Regulatory Transition Plan. Attached hereto as Schedule 3.3 is a regulatory transition plan (the “Regulatory Transition Plan”) agreed to by the Parties setting forth the activities to be performed by the Parties pursuant to this Agreement to effect the transfer and delivery of Governmental Permits and certain other Regulatory Products Rights to Cardiome, or to an entity designated by Cardiome in writing, and the target timelines therefor. The Parties acknowledge that the various submission dates set forth in Regulatory Transition Plan represent guidelines for timing of the relevant submissions that have been agreed to by the Parties and which the Parties will use commercially reasonable efforts to achieve, but are not intended to represent deadlines or binding commitments. Each Party shall promptly notify the other Party in the event that it determines that the activities and/or timelines set forth in the Regulatory Transition Plan require modification.
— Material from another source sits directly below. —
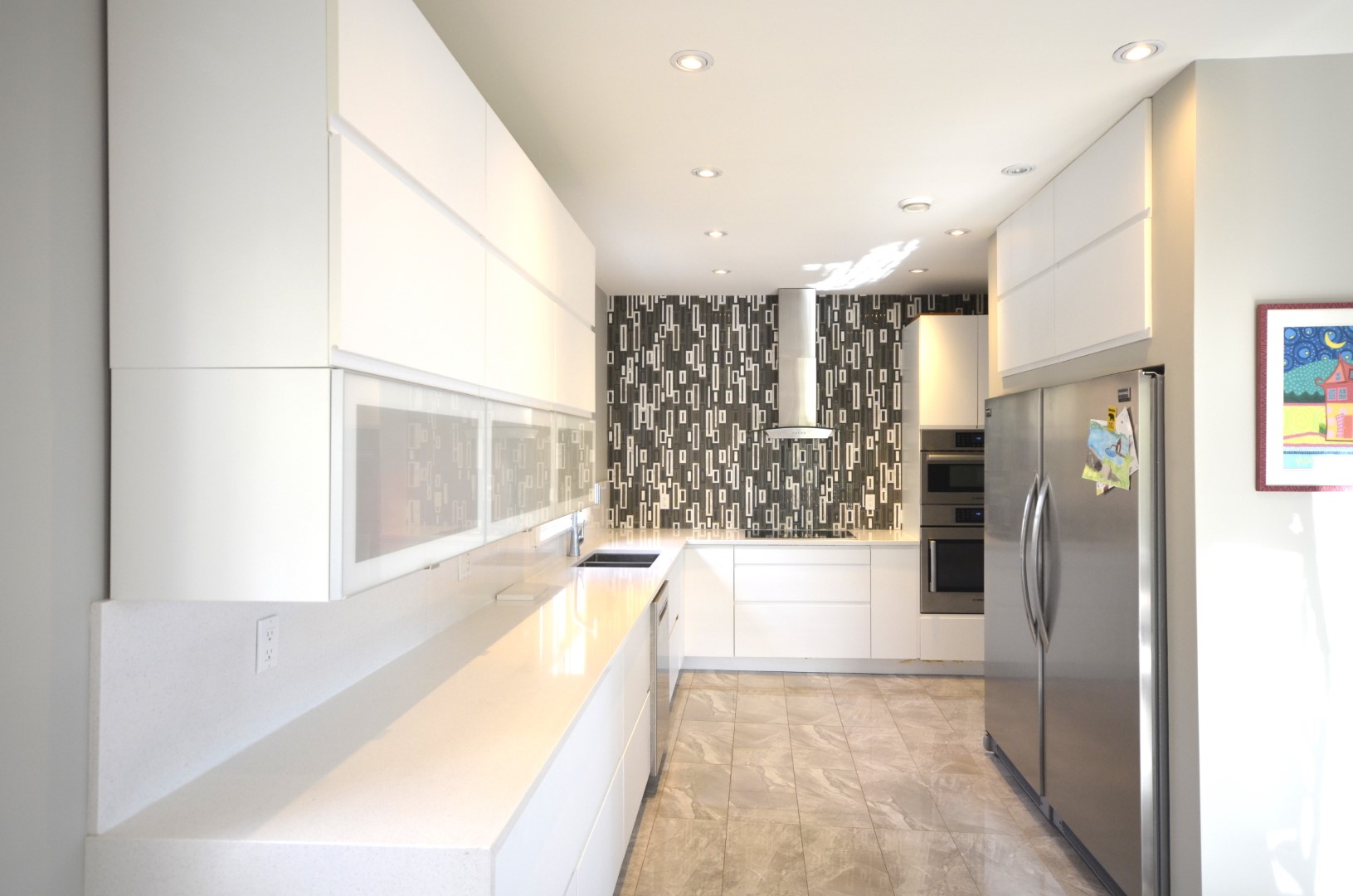 Main floor includes modern eat-in kitchen with Corian countertops, built-in stove/microwave, cooktop and huge side-by-side fridge/freezer. Perfect for entertaining. Open concept living and dining area with large family room nestled between living room and kitchen. Powder room on main floor.

The Transition Team shall be responsible for periodically reviewing and approving any changes to the Regulatory Transition Plan that are proposed by a Party and/or that are necessary to address any requests or requirements that may be imposed by Regulatory Authorities with respect to the transfer to Cardiome, or to an entity designated by Cardiome in writing, of the Governmental Permits. In each such event, the Parties shall use good faith efforts to agree upon a mutually acceptable means to address the relevant issues.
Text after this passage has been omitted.